Since 1981, Social Security beneficiaries are seeing the largest increase in their monthly payments.
According to a new projection of the 2023 cost-of-living adjustment by The Senior Citizens League (TSCL), a nonprofit advocacy organization, Social Security monthly payments will increase by 8.9% next year.
Current Social Security recipients will have to make do with a 5.9% COLA in 2022. Prior to then, the rise had been a meager 1.6 percent. An increase of 8.9% would be the largest since 1981 and the fourth-largest since 1975 when Congress implemented automatic COLAs.
The probable rise in the Social Security benefits will directly react to sky-high inflation, which is at heights not seen in more than four decades. According to the Labor Department, inflation rose to 8.5 percent in March, the highest amount since December 1981. The rise was attributed in significant part to rising gas, grocery, and automobile prices.
TSCL had already predicted a 7.6% cost-of-living raise for 2023 before Tuesday’s inflation report. It would be a great relief for several Americans who depend on Social Security benefits if the payouts were increased even further.
In October, the Social Security Administration will issue the COLA, which will be based on the latest inflation figures, and, therefore will start taking effect in January 2023.
Calculations For The Social Security Increase
While Social Security benefits are linked to inflation, these are calculated using a slightly distinct formula than the 8.5 percent “headline inflation rate,” known as the Consumer Price Index for All Urban Consumers by the Labor Department (CPI-U).
Instead, the CPI for Urban Wage Earners and Clerical Workers is used to calculate Social Security benefits (CPI-W). According to the Labor Department, this estimate clearly understands “blue-collar” customers or lower- and middle-income individuals.
As a result of the differences in how inflation impacts various groups of individuals, the CPI-W inflation rate is actually higher. According to the Labor Department, consumer prices for that group jumped 9.4% in March. Johnson utilized this rate to forecast the next COLA.
The expected 8.9% increase would benefit beyond just pensioners. Social Security benefits even include Social Security Disability Insurance as well as Supplemental Security Income, two important disability-assistance programs.
Increased Social Security payouts would benefit over 70 million Americans in total.
Reasons For Social Security Benefits To Increase
However significant, the anticipated COLA hike may be a bit too late.
“People are attempting to make ends meet on a 5.9% COLA during a time when inflation is reaching 9.4%,” Johnson says.

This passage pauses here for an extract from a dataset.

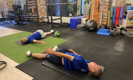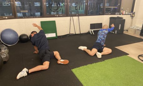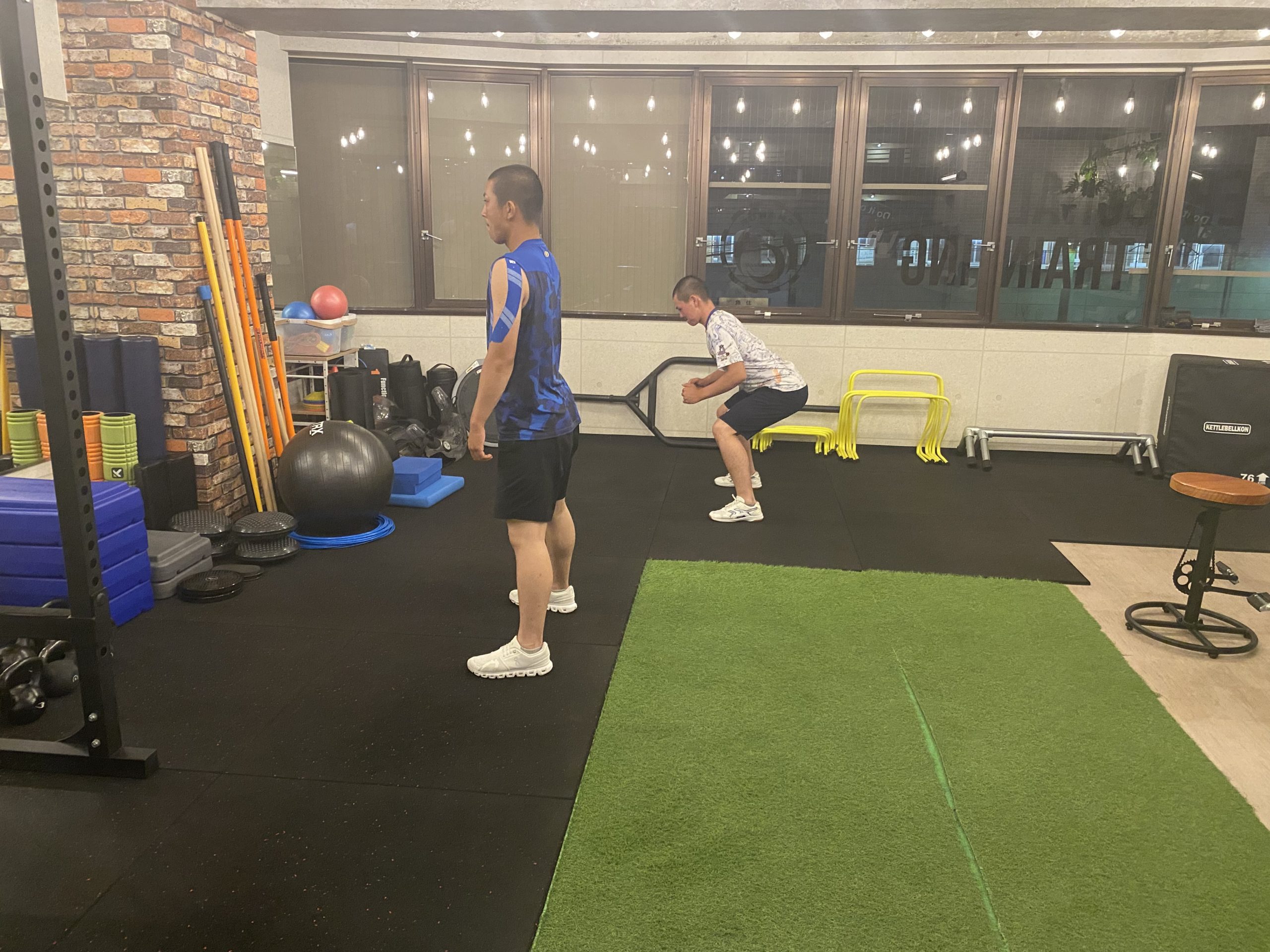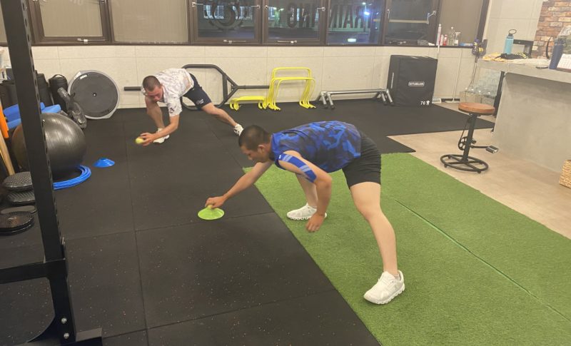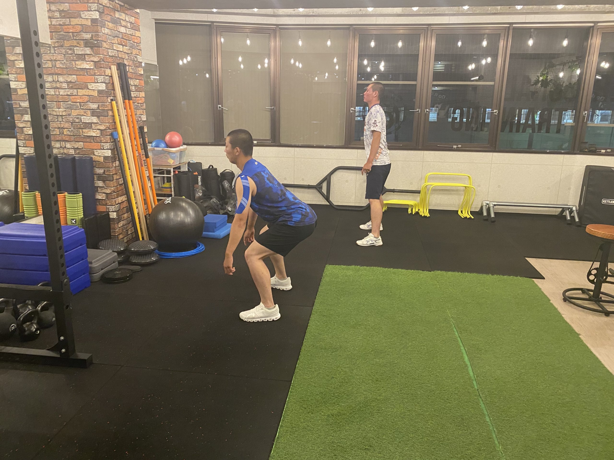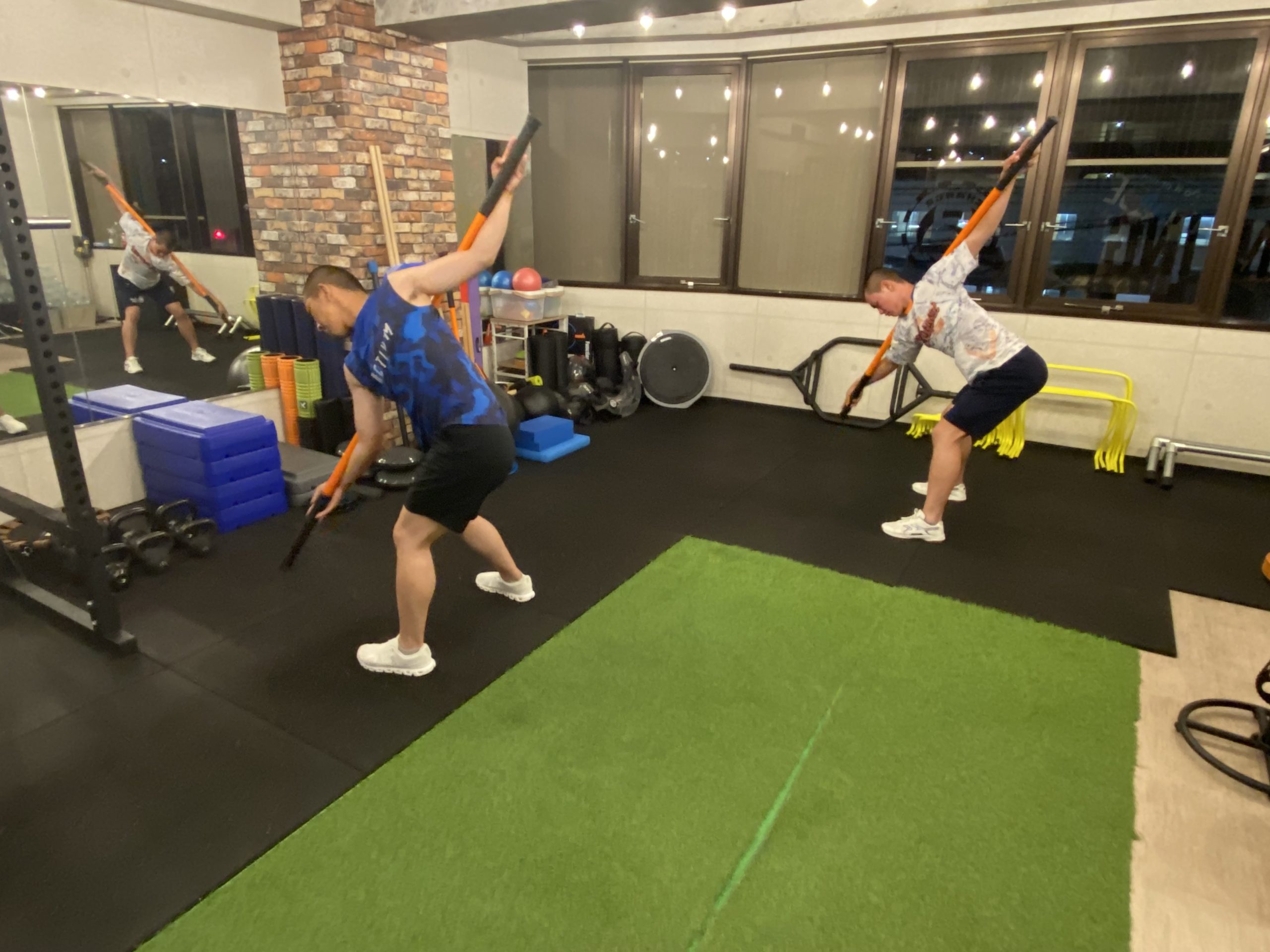 投球動作に必要な動き作り、軸足、踏み込み足の安定性を作るドリルを中心に90分間パーソナルトレーニングを行いました。

Inflation is already wreaking havoc on people’s finances, and the enhanced Social Security benefits won’t arrive until January 2023.
Inflation has an impact on savings because retirees have to draw out more money, Johnson explains. However, it can also harm their fixed income accounts, such as securities and certificates of deposit (CDs).
Even so, that’s a bit of wishful thinking. According to Johnson, 45 percent of Social Security recipients have no retirement funds, according to a new TSCL poll.
Of everyone who possesses savings, 21% indicated they had completely exhausted a retirement or savings account in the previous year.
Johnson says that during a difficult economic era, retirees can take a beating and may never fully recover.